我想要完成的是将列拆分为同一个表中的多个列。
我的数据:
eventCategory eventAction eVentLabel
HomePage Click {"Name":"Ariel","number":"aaa"}
HomePage Click {"Name":"Dan","number":"bbb"}
HomePage Click {"Name":"Daf","number":"ccc"}
我需要什么:
eventCategory eventAction eVentLabel Name number
HomePage Click {"Name":"Ariel","number":"aaa"} Ariel aaa
HomePage Click {"Name":"Dan","number":"bbb"} Dan bbb
HomePage Click {"Name":"Daf","number":"ccc"} Daf ccc
答案 0 :(得分:5)
Another tidyverse
answer; this time employing jsonlite::fromJSON
and purrr
. This solution transparently handles additional columns embedded in the JSON and fills missing values appropriately.
library(tidyverse)
library(jsonlite)
data.raw <- 'eventCategory eventAction eVentLabel
HomePage Click {"Name":"Ariel","number":"aaa"}
HomePage Click {"Name":"Dan","number":"bbb"}
HomePage Click {"Name":"Daf","number":"ccc"}'
data = read_tsv(data.raw)
data %>%
mutate(new_cols = map(eVentLabel, fromJSON),
new_cols = map(new_cols, as_data_frame)) %>%
unnest(new_cols)
#> # A tibble: 3 x 5
#> eventCategory eventAction eVentLabel Name number
#> <chr> <chr> <chr> <chr> <chr>
#> 1 HomePage Click {"Name":"Ariel","number":"aaa"} Ariel aaa
#> 2 HomePage Click {"Name":"Dan","number":"bbb"} Dan bbb
#> 3 HomePage Click {"Name":"Daf","number":"ccc"} Daf ccc
Please note that unnest
will drop all rows that have null values in the data.
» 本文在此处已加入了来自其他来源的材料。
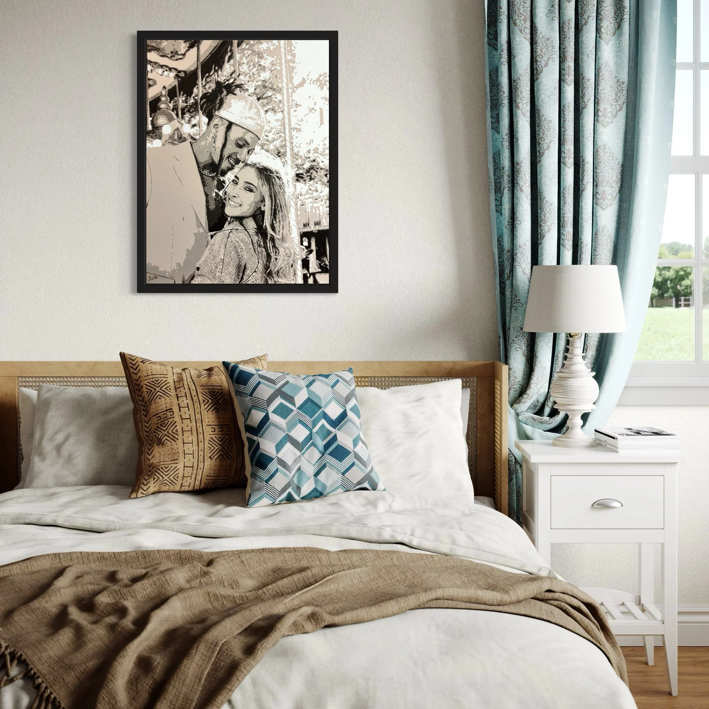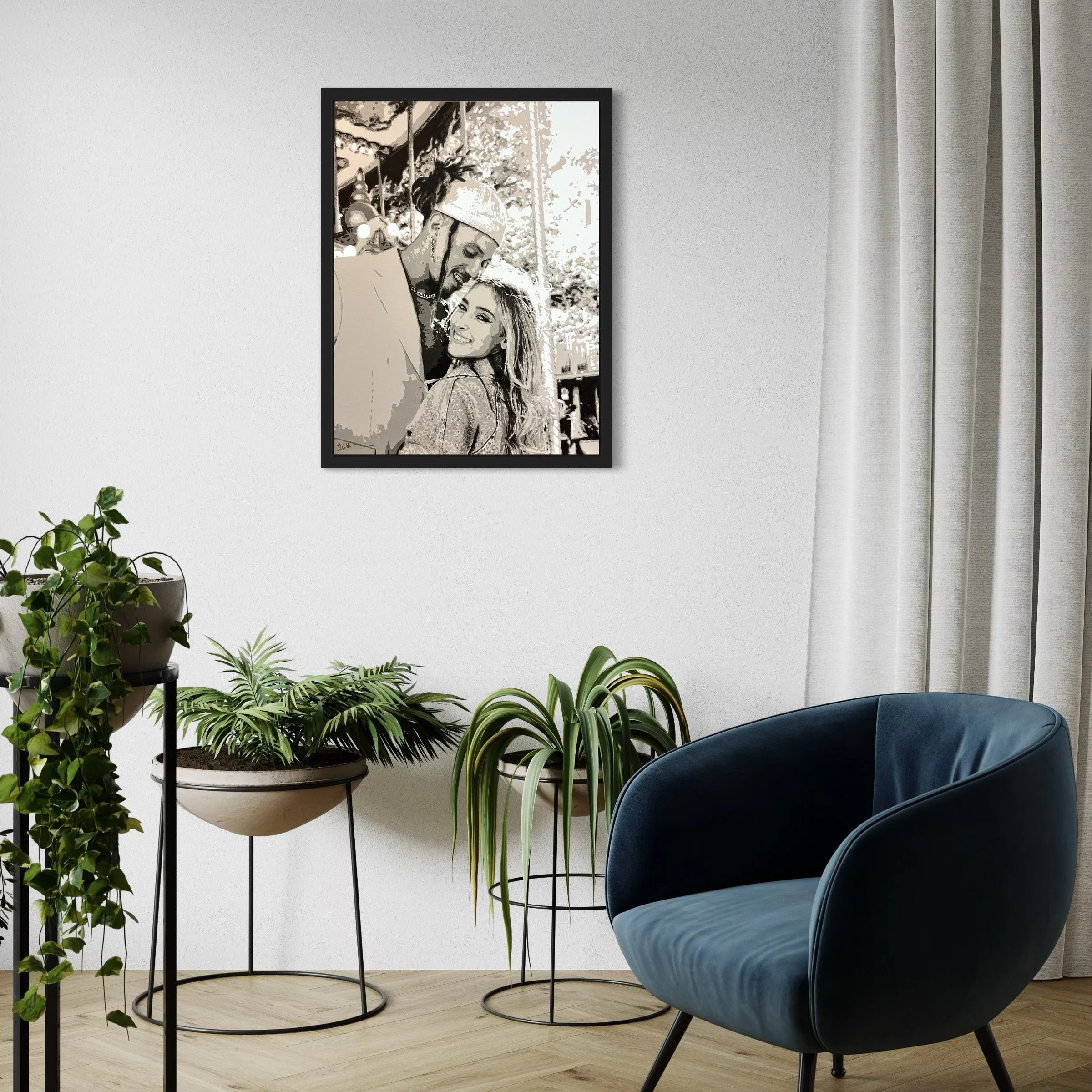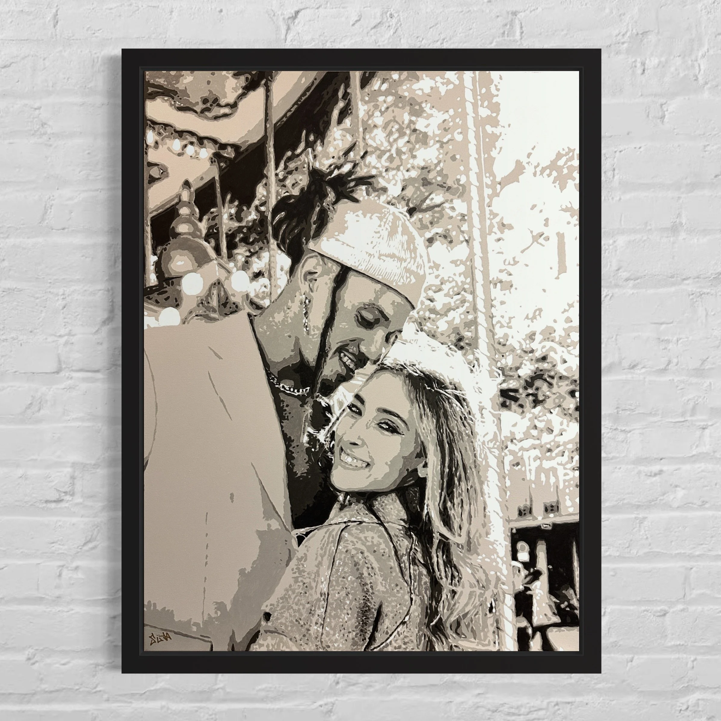 Figer un instant d’amour, capturer cette étincelle de complicité qui unit deux âmes—c’est ce que j’ai cherché à retranscrire à travers cette œuvre. “Les Amoureux” est une commande personnalisée, une invitation à immortaliser un moment de bonheur suspendu, où le temps semble s’effacer pour ne laisser place qu’à l’intensité d’un regard, d’un sourire partagé.
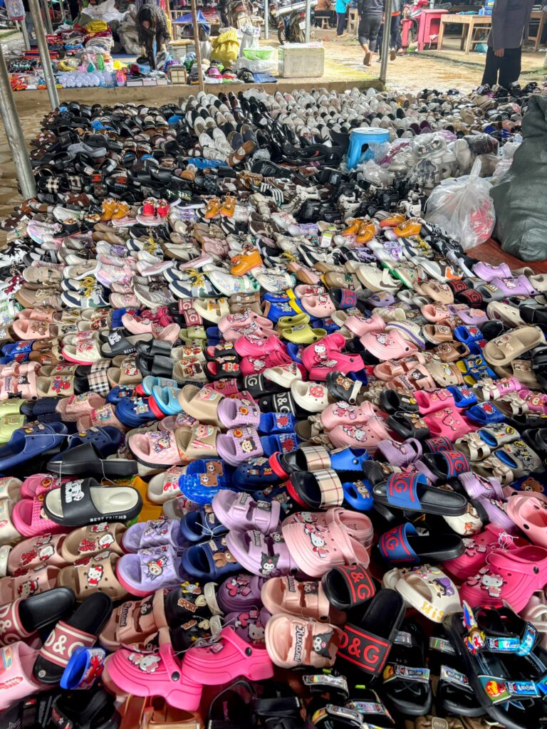 地元の人の足元は長靴スタイルとサンダルスタイルに二分される。ぬかるんだ路面、および色々汚物が道にあるので、長靴が一番楽なのだろう。一方、暑さ対策にはサンダルで歩く人も多いが、一瞬で汚れてしまう。日本人にはハードルが高い。

Consider this example:
data.raw <- 'eventCategory eventAction eVentLabel
HomePage Click {"Name":"Ariel","number":"aaa"}
HomePage Click {"Name":"Dan","number":"bbb"}
HomePage Click {"Name":"Daf","number":"ccc"}
HomePage Click {}
HomePage Click {"Account": "010001"}'
data = read_tsv(data.raw)
data %>%
mutate(new_cols = map(eVentLabel, fromJSON),
new_cols = map(new_cols, as_data_frame)) %>%
unnest(new_cols)
#> # A tibble: 4 x 6
#> eventCategory eventAction eVentLabel Name number Account
#> <chr> <chr> <chr> <chr> <chr> <chr>
#> 1 HomePage Click {"Name":"Ariel","number":"aaa"} Ariel aaa <NA>
#> 2 HomePage Click {"Name":"Dan","number":"bbb"} Dan bbb <NA>
#> 3 HomePage Click {"Name":"Daf","number":"ccc"} Daf ccc <NA>
#> 4 HomePage Click {"Account": "010001"} <NA> <NA> 010001
Note that we drop the row that has empty JSON ({}
) in the original data. We also add a column for the new variable Account, and fill in NA
values appropriately.
Finally, trying to run if there are blank lines on the JSON (e.g. (""
or NA
)) rows will fail; you need to remove those before passing into fromJSON
with a filter
statement. By example:
data %>%
filter(nchar(eVentLabel) > 0, !is.na(eVentLabel)) %>%
...
答案 1 :(得分:1)
一种选择是将字符串分割为:
以提取元素
v1 <- lapply(strsplit(gsub('[{"},]', ':', df1$eVentLabel), ":"),
function(x) {x1 <- trimws(x[nzchar(x)])
setNames(x1[c(FALSE, TRUE)], x1[c(TRUE, FALSE)]) })[[1]]
df1[names(v1)] <- v1
df1
# eventCategory eventAction eVentLabel Name number
#1 HomePage Click {"Name":"Ariel","number":"aaa"} Ariel aaa
对于新数据集
res <- do.call(rbind, lapply(strsplit(gsub('[{"},]', ':', df2$eVentLabel), ":"),
function(x) {x1 <- trimws(x[nzchar(x)])
setNames(x1[c(FALSE, TRUE)], x1[c(TRUE, FALSE)]) }))
df2[names(res)] <- res
df2
# eventCategory eventAction eVentLabel Name number
#1 HomePage Click {"Name":"Ariel","number":"aaa"} Ariel aaa
#2 HomePage Click {"Name":"Dan","number":"bbb"} Dan bbb
#3 HomePage Click {"Name":"Daf","number":"ccc"} Daf ccc
df1 <- structure(list(eventCategory = "HomePage", eventAction = "Click",
eVentLabel = "{\"Name\":\"Ariel\",\"number\":\"aaa\"}"),
.Names = c("eventCategory",
"eventAction", "eVentLabel"), class = "data.frame", row.names = c(NA,
-1L))
df2 <- structure(list(eventCategory = c("HomePage", "HomePage", "HomePage"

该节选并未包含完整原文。